Türkiye karar alıcılarla, karar vericilerin ve uygulayıcıların arenasıdır. Kim karar alıyor, kim karar veriyor, kim uyguluyor sorusu soruluyor.
 
Toplumdaki algıları değiştirmek için, her kesim, kendine göre tezler ortaya koyuyor. Toplumun algılamasını yönlendirmede stratejik merkezler asimetrik psikolojik savaşın kara propaganda yönetimini uyguluyor.  Kim kimden destek alıyor?
 
Haçlılar bu kez beyinleri ele geçirerek, Türkiye’nin kimliğini değiştirme çabasındadır. Haçlılar devşirdikleri fasık ve münafıklarla;Ortadoğu’yu kan gölüne çevirirken nihai hedef Türkiye olduğunu gizlemediler. Yayınladıkları haritalarla, yeni sınırlarla yeni devletleri belirlediler, uyguluyorlar. Tarih tekerrür ediyor.
 
ABD-İngiltere-Fransız şer üçlüsü; Türkiye’yi postmodern işgal etmiş durumdadır.
 
Türk Milleti tarihin en ağır bunalım dönemini yaşamaktadır.
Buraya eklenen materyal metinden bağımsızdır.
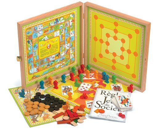 JeuJura - Jouet en bois - Coffret 80 règles - Pions Bois -  , Jouet en bois - Coffret 80 rè,gles - Pions Bois  , Descriptions du produit Coffret de jeux de socié,té, : Jeux des petits chevaux, oie, dames, marelle, nain jaune, é,chelle, yams, 421, jeu de cartes... 40 dames, 4 oies, 16 chevaux, 5 dé,s, jeu de 54 cartes Livret de 80 rè,gles de jeux Dimensions : 33 x 33 x 5 cm A partir de 3 ans Fabrication Franç,aise !  ,
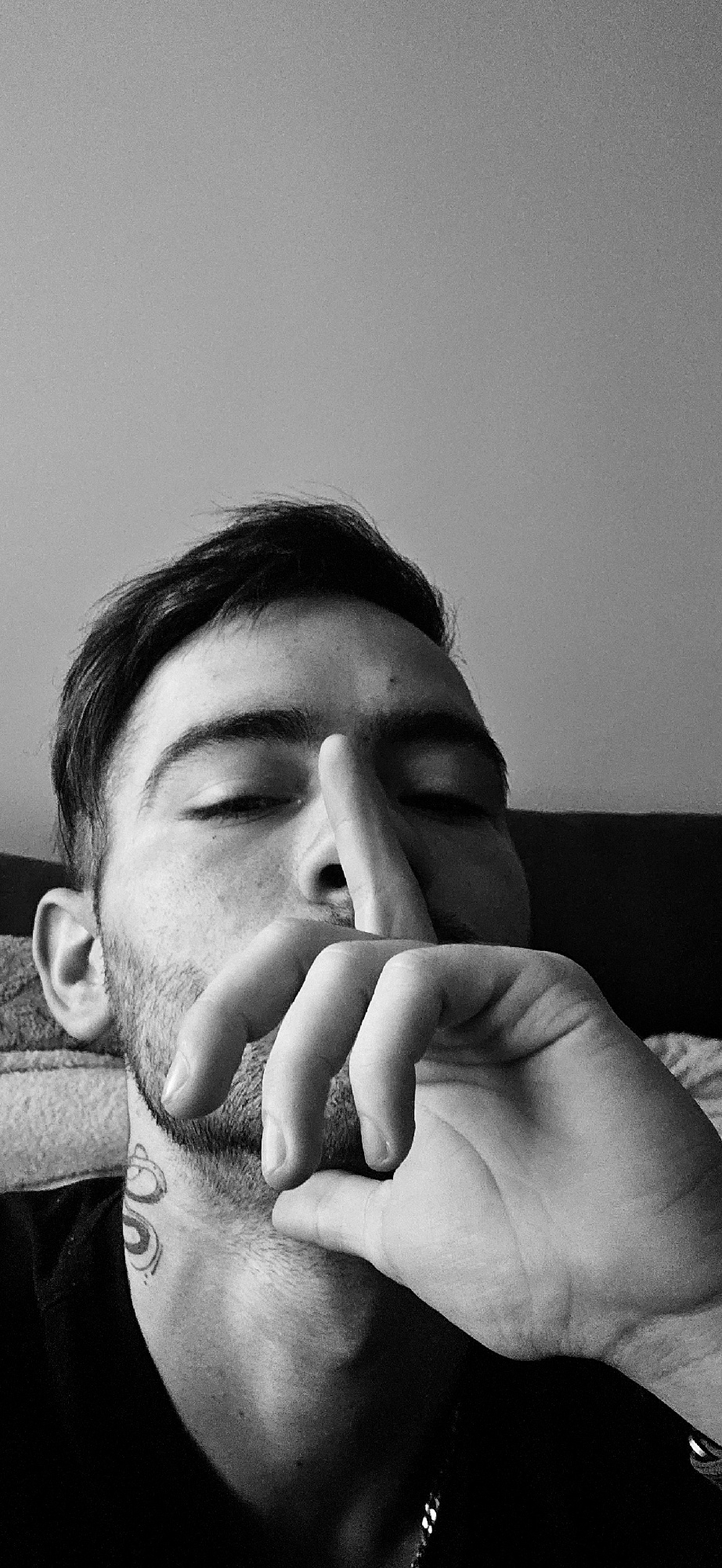 A black and white, close-up, and angled portrait features a person, likely male, from the chest up. The subject's head is tilted, with their eyes closed and a hand covering their mouth and nose. Theyβ¦read more

Türk Milleti’nin milli ve manevi değerleri; altüst edilmiş, ortak değerler parçalanmıştır.
Halk; uyuşturulmuş neyin ne olduğunun farkımda değildir.
Aydınlar; susmuş, sinmiş durumdadır.
 
ABD-İngiltere-Fransa şer üçlüsü tarafından;
Bütün yeraltı ve yerüstü servetlerine el konulmuş,
Silahlı kuvvetlerin bağımsızlıkçı mensupları esir alınmış,
Medya ele geçirilmiş,
İletişim alanı kontrol altına alınmış durumdadır.
 
İşbirlikçiler;
dini değerleri istismar ederek,
geçmişin yanlışlıklarını gündemde tutarak,
vatan hainlerini kahraman haline getirerek,
NSA, FBI, CIA elemanlarınca oluşturulan operasyon merkezleri ile
vatanseverleri etkisizleştirirken, kirli emellerini gerçekleştirme çabasındadır.
 
Türk Milleti;
Kimliksizleşme,
Ayrışma,
Bölünme,
Esaret,
Sömürgeleşme,
Sürecindedir.
 
İşbirlikçiler; emperyalist güçlerin stratejisi doğrultusunda yeni rol üstlenmiştir.
İngiliz-Fransız güçleri; Osmanlı devletini Irak cephesi hariç bütün cephelerde çökertip başkent İstanbul’u işgal eder. Meclis-i Mebusan dağıtılır milletvekilleri Malta’ya sürülür. Direnen, direnmesi muhtemel askerler tutuklanır. Asker avı başlatılır. İşgal güçleri; 1918 Mondros Mütarekesi sonrası Anadolu’da ilerlemeye başlar. Anadolu’da direniş başlar. Direnişi yatıştırmak amacıyla; İstanbul Hükûmeti (Sadrazam Damat Ferit Paşa) tarafından halka öğüt vermek, halkın tepkisini yatıştırmak için Heyet-i Nasiha (Nasihat Heyeti) kurulur. Heyet; barışın, ancak koşulsuz teslim ve düşmanı kızdırmamakla sağlanacağını anlatmakla görevlendirilir. Direnenler aleyhine propaganda yapmaya başlarlar.
 
Şimdi de; bölücü anayasanın kabulü, devletin Türk Milleti’nin devleti olmaktan çıkarılması girişimine destek vermek, ABD-İngiliz-Fransız postmodern işgaline karşı çıkanlar aleyhine propaganda yapmak üzere akil adamlar heyetleri oluşturuldu.
 
Türk Milleti’nin duyarlı her bireyi;
ideolojik ve teolojik ayrımları,
kavramlara takılıp kalmayı,
model tartışmalarını bir tarafa bırakmalıdır.
 
Tarihi tecrübeler ışığında Türkiye coğrafyasının jeopolitik ve jeostratejik konumun gereği; Milli devlet, Milli kimlik, Üniter devlet,korunmak zorundadır.
 
Günün Sözü: Toplumlar milli değerlerine sahip yönetici ve aydınlarıyla güvende olur.